* Exercise goal *
The pictures get dropped, while every remaining part of the listing is copied exactly.

* Supplied data *

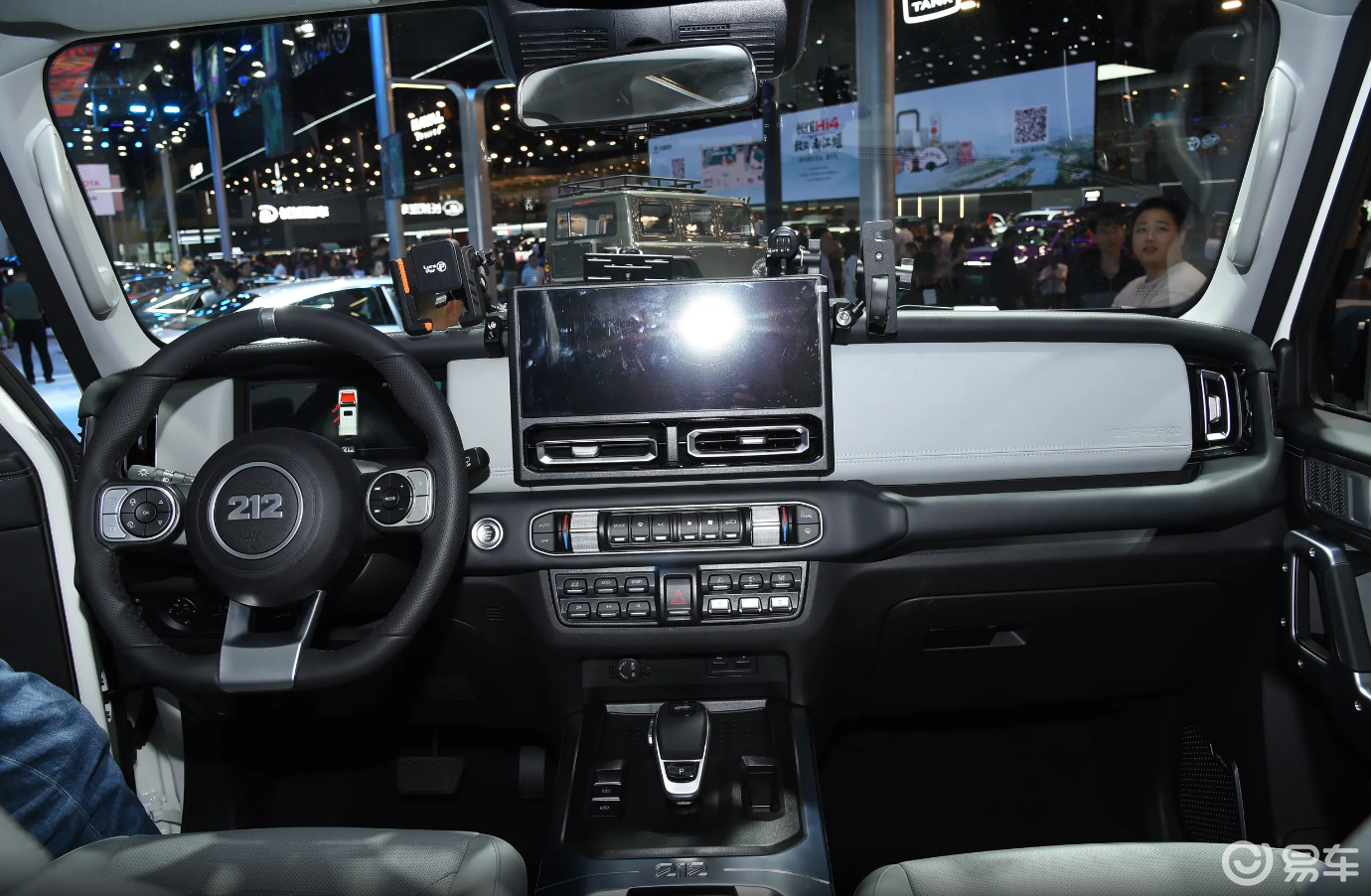 现在内饰相比一些自主品牌的新车型还是有些差距,毕竟科技氛围方面没那么强,但如果相比曾经的北京212,这款212 T01现在至少给你提供了比较舒服的皮革软包大沙发,而且整个台面上也提供有基础的大屏幕,虽然整个车机系统上手操作还是有些老气,但至少基础的智能化需求可以满足。
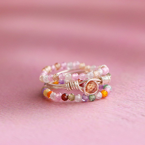 Sie möchten Ihren Kunden eine Kombination aus Edelstahlringen und selbstgemachten Ringen zum gemeinsamen Tragen präsentieren? Dann können Sie mit Zirkonia-Perlen, Miyuki-Perlen, Süßwasserperlen und elastischem Schmuckband eine wunderschöne Ringkollektion entwerfen. Dazu passende Armbänder kreieren Sie, indem Sie Zirkonia-Perlen in verschiedenen Farben und Größen miteinander kombinieren und als Blickfang bringen Sie abschließend kleine Anhänger an.
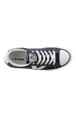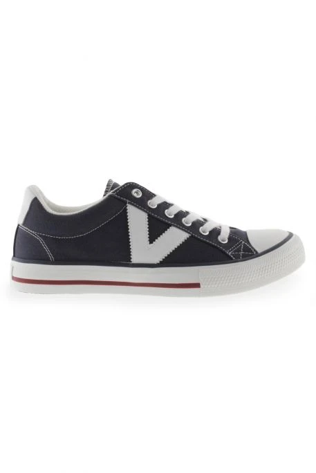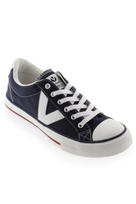 Chaussures Victoria Tribu pour homme. Chaussures basses en toile, fermeture par lacets, bout rond. Détail latéral du V de Victoria en contraste.

* Solution for this task *
 现在内饰相比一些自主品牌的新车型还是有些差距,毕竟科技氛围方面没那么强,但如果相比曾经的北京212,这款212 T01现在至少给你提供了比较舒服的皮革软包大沙发,而且整个台面上也提供有基础的大屏幕,虽然整个车机系统上手操作还是有些老气,但至少基础的智能化需求可以满足。
 Sie möchten Ihren Kunden eine Kombination aus Edelstahlringen und selbstgemachten Ringen zum gemeinsamen Tragen präsentieren? Dann können Sie mit Zirkonia-Perlen, Miyuki-Perlen, Süßwasserperlen und elastischem Schmuckband eine wunderschöne Ringkollektion entwerfen. Dazu passende Armbänder kreieren Sie, indem Sie Zirkonia-Perlen in verschiedenen Farben und Größen miteinander kombinieren und als Blickfang bringen Sie abschließend kleine Anhänger an.
 Chaussures Victoria Tribu pour homme. Chaussures basses en toile, fermeture par lacets, bout rond. Détail latéral du V de Victoria en contraste.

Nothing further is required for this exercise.